> **The input**:
------------------------------------------------------------

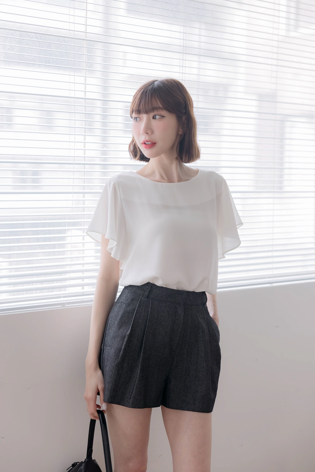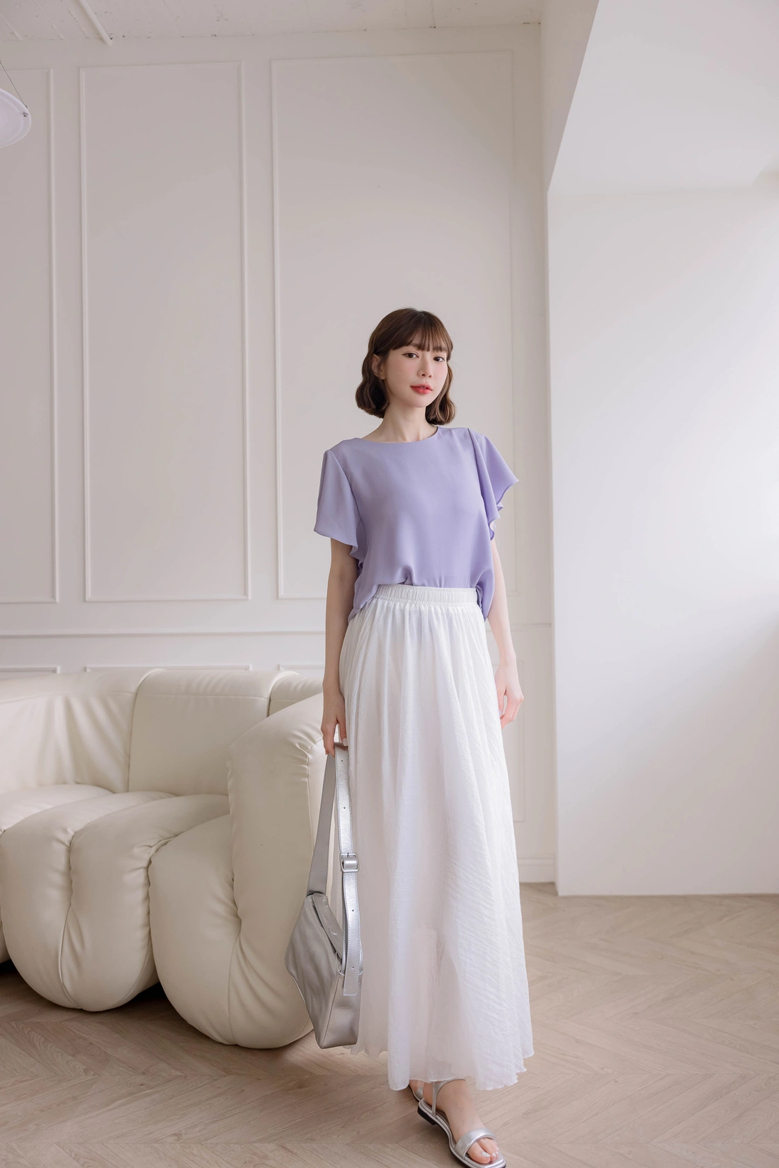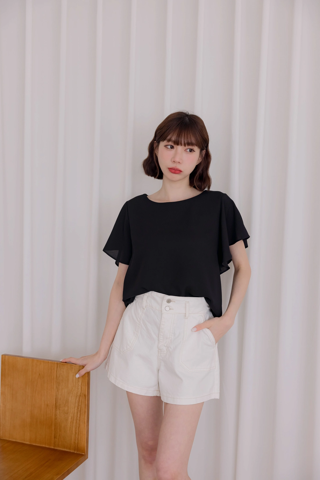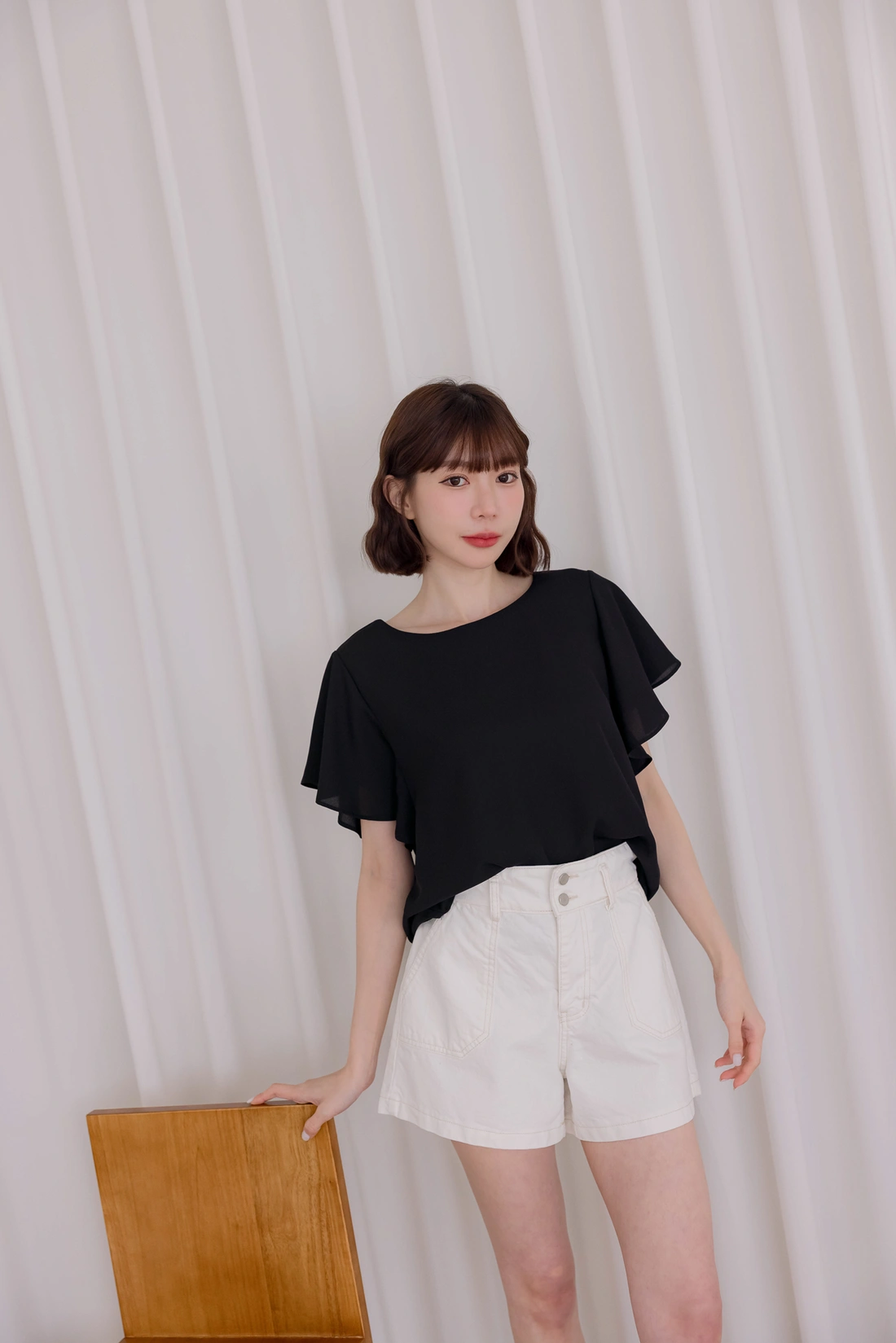 雪紡柔軟料質/波浪袖設計/版型寬鬆舒服
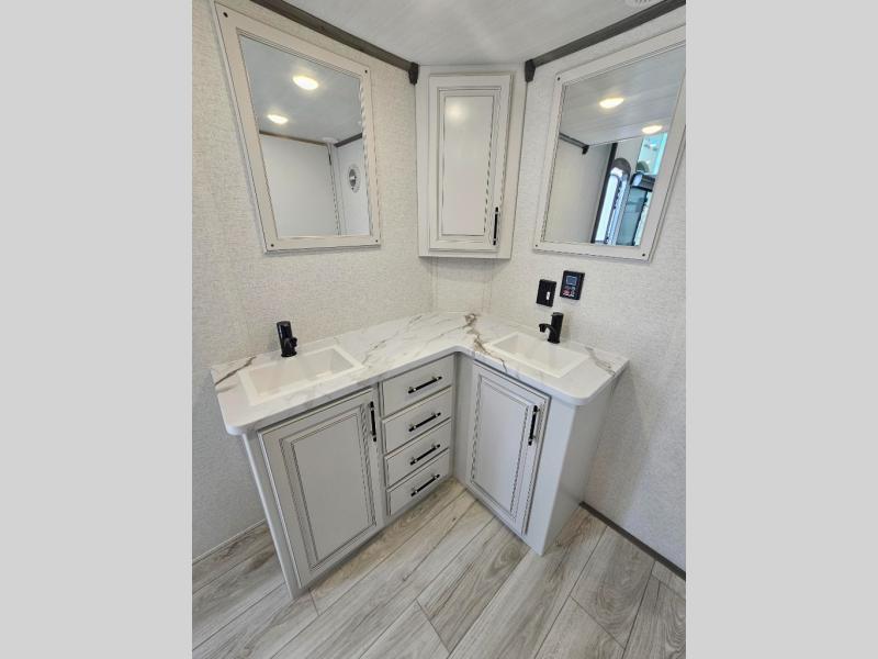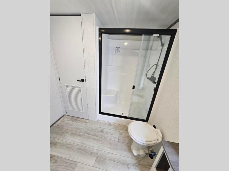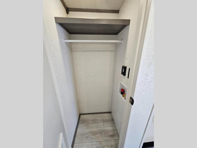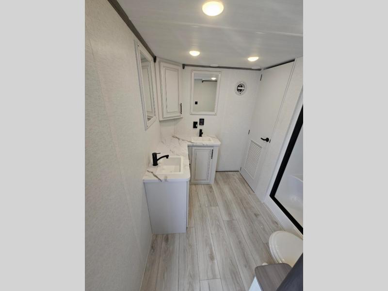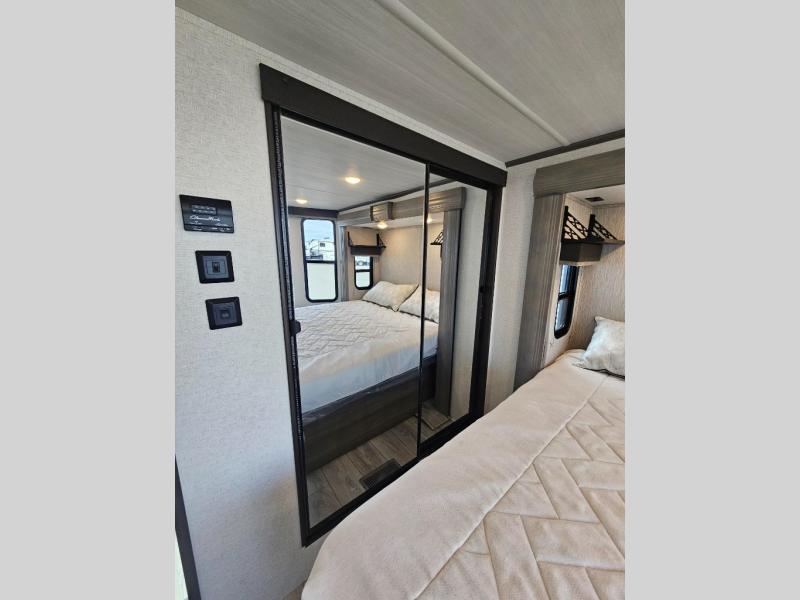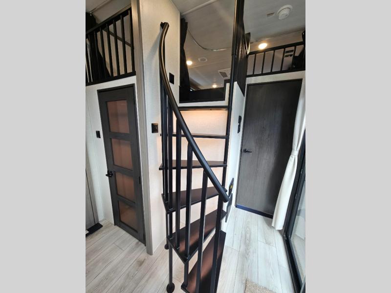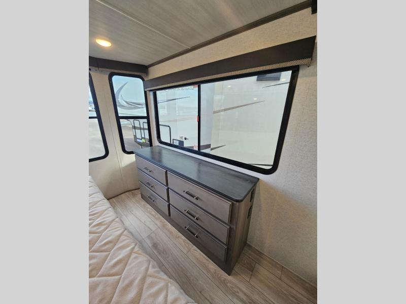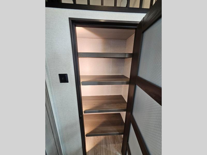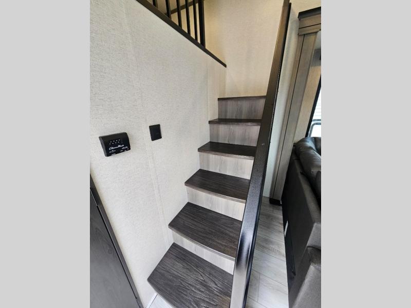 This destination trailer is so accommodating, you may just want to camp all year long! The owners will have the front bedroom all to themselves with a king bed slide out, dresser, and master closet so everything has a place. Above this room is the front loft with stairs that includes three 39" x 74" beds/sleeping spaces and storage shelves, making it perfect for little ones! The spacious full rear bath includes dual bath sinks, a large 48" x 30" shower with a seat, and a closet with washer/dryer prep if you want to add these appliances. And just outside the bath, you'll find the second set of stairs that leads to the rear loft with a 54" x 81" bed, an entertainment center, and storage shelves for your guests. During the day, everyone can meet in the combined living area and kitchen that features a large slide for more space, a sectional sofa, a kitchen island with four barstools, plus an entertainment center with a fireplace!
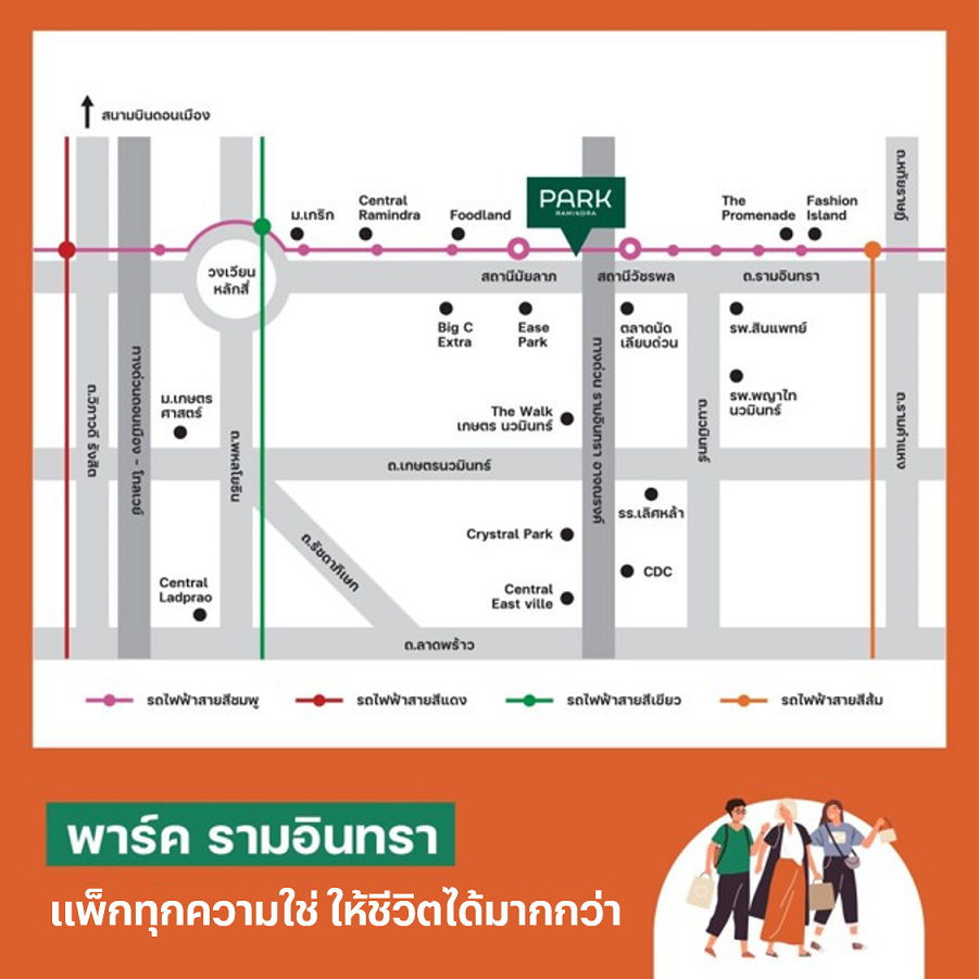 ด้วยโลเคชั่นของ “พาร์ค รามอินทรา” ที่อยู่โซนกลางของถนนรามอินทรา ใกล้ทางด่วนฉลองรัช รามอินทรา-อาจณรงค์ และดอนเมืองโทลล์เวย์ รวมถึงอยู่ห่างจากรถไฟฟ้าสายสีชมพูสถานีมัยลาภและวัชรพลเพียง 600 เมตรเท่านั้น ก็ยิ่งตอกย้ำศักยภาพทำเลที่เหนือกว่า และเมื่อผนวกกับสิ่งอำนวยความสะดวกต่างๆ ที่มีอยู่หลากหลายของย่านรามอินทราก็ต้องบอกเลยว่า “พาร์ค รามอินทรา” ตอบโจทย์การใช้ชีวิตได้อย่างครบครัน ไม่ว่าจะซื้ออยู่อาศัยเองหรือซื้อเพื่อการลงทุนก็มั่นใจได้ว่ามีความคุ้มค่าและคุ้มราคาอย่างแน่นอน
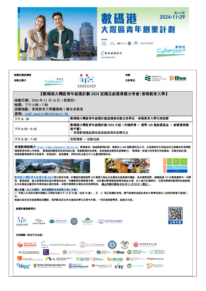 「數碼港大灣區青年創業計劃」簡介會@香港教育大學
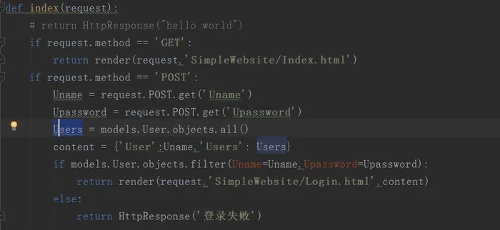 2.在views.py的index方法中(就是处理登录逻辑的方法)
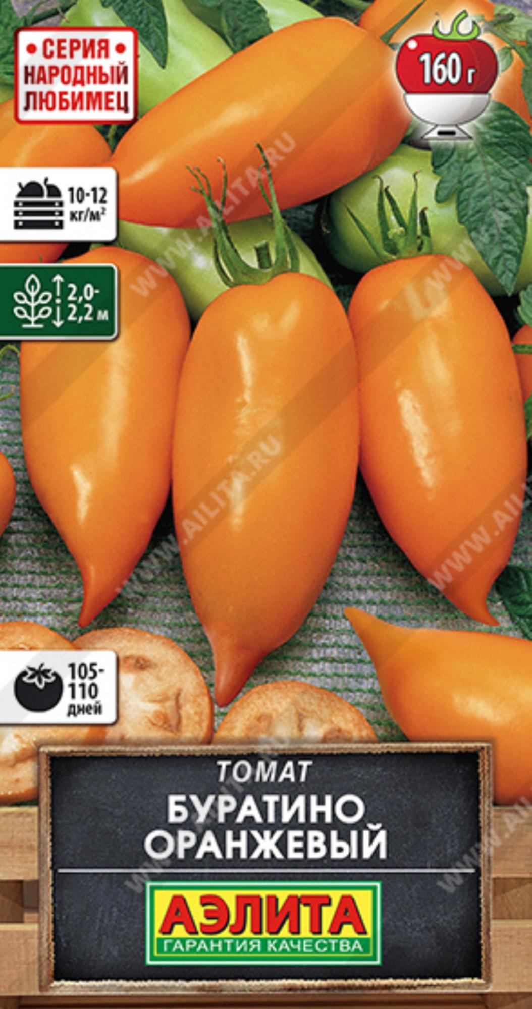 Раннеспелый сорт для пленочных укрытий и открытого грунта. Формирует урожай через 105-110 дней от всходов. Индетерминантный, высотой в теплице до 2-2,2 м. На стадии рассады у томата скручиваются листья – это сортовой признак. Плоды* вытянутой цилиндрической формы, с носиком, очень красивые, средней массой 140-160 г (отдельные до 180 г). В кисти формируется до 4-6 томатов, которые висят гроздьями. Мякоть вкусная, сочная и очень плотная. Плоды сначала светло-зеленые, затем, по мере созревания, кожица их обретает ярко-оранжевый цвет. Сорт с высоким содержанием бета-каротина и ликопина, не вызывает аллергию. Использование универсальное. Урожайность в теплице 10-12 кг/м2.
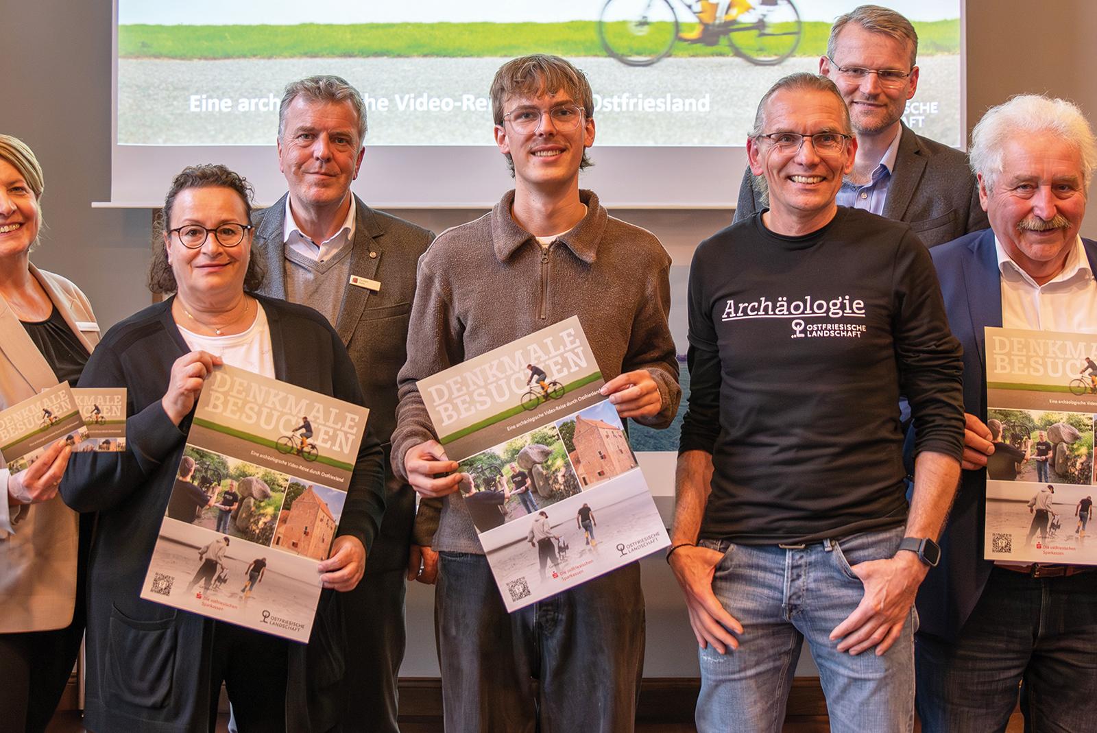 Von links: Insa Bruns-Breninck, Ute Meinert und Carsten Mohr von den ostfriesischen Sparkassen, der Videoproduzent Jannik Preuß, Dr. Jan F. Kegler, Dr. Matthias Stenger und Rico Mecklenburg von der Ostfriesischen Landschaft bei der Vorstellung der Video-Reihe »Denkmale besuchen«.  © Foto: Ostfriesische Landschaft

------------------------------------------------------------

> **Task requirements**:
Without the pictures, give all the records above again exactly.

> **Result of this task**:
 雪紡柔軟料質/波浪袖設計/版型寬鬆舒服
 This destination trailer is so accommodating, you may just want to camp all year long! The owners will have the front bedroom all to themselves with a king bed slide out, dresser, and master closet so everything has a place. Above this room is the front loft with stairs that includes three 39" x 74" beds/sleeping spaces and storage shelves, making it perfect for little ones! The spacious full rear bath includes dual bath sinks, a large 48" x 30" shower with a seat, and a closet with washer/dryer prep if you want to add these appliances. And just outside the bath, you'll find the second set of stairs that leads to the rear loft with a 54" x 81" bed, an entertainment center, and storage shelves for your guests. During the day, everyone can meet in the combined living area and kitchen that features a large slide for more space, a sectional sofa, a kitchen island with four barstools, plus an entertainment center with a fireplace!
 ด้วยโลเคชั่นของ “พาร์ค รามอินทรา” ที่อยู่โซนกลางของถนนรามอินทรา ใกล้ทางด่วนฉลองรัช รามอินทรา-อาจณรงค์ และดอนเมืองโทลล์เวย์ รวมถึงอยู่ห่างจากรถไฟฟ้าสายสีชมพูสถานีมัยลาภและวัชรพลเพียง 600 เมตรเท่านั้น ก็ยิ่งตอกย้ำศักยภาพทำเลที่เหนือกว่า และเมื่อผนวกกับสิ่งอำนวยความสะดวกต่างๆ ที่มีอยู่หลากหลายของย่านรามอินทราก็ต้องบอกเลยว่า “พาร์ค รามอินทรา” ตอบโจทย์การใช้ชีวิตได้อย่างครบครัน ไม่ว่าจะซื้ออยู่อาศัยเองหรือซื้อเพื่อการลงทุนก็มั่นใจได้ว่ามีความคุ้มค่าและคุ้มราคาอย่างแน่นอน
 「數碼港大灣區青年創業計劃」簡介會@香港教育大學
 2.在views.py的index方法中(就是处理登录逻辑的方法)
 Раннеспелый сорт для пленочных укрытий и открытого грунта. Формирует урожай через 105-110 дней от всходов. Индетерминантный, высотой в теплице до 2-2,2 м. На стадии рассады у томата скручиваются листья – это сортовой признак. Плоды* вытянутой цилиндрической формы, с носиком, очень красивые, средней массой 140-160 г (отдельные до 180 г). В кисти формируется до 4-6 томатов, которые висят гроздьями. Мякоть вкусная, сочная и очень плотная. Плоды сначала светло-зеленые, затем, по мере созревания, кожица их обретает ярко-оранжевый цвет. Сорт с высоким содержанием бета-каротина и ликопина, не вызывает аллергию. Использование универсальное. Урожайность в теплице 10-12 кг/м2.
 Von links: Insa Bruns-Breninck, Ute Meinert und Carsten Mohr von den ostfriesischen Sparkassen, der Videoproduzent Jannik Preuß, Dr. Jan F. Kegler, Dr. Matthias Stenger und Rico Mecklenburg von der Ostfriesischen Landschaft bei der Vorstellung der Video-Reihe »Denkmale besuchen«.  © Foto: Ostfriesische Landschaft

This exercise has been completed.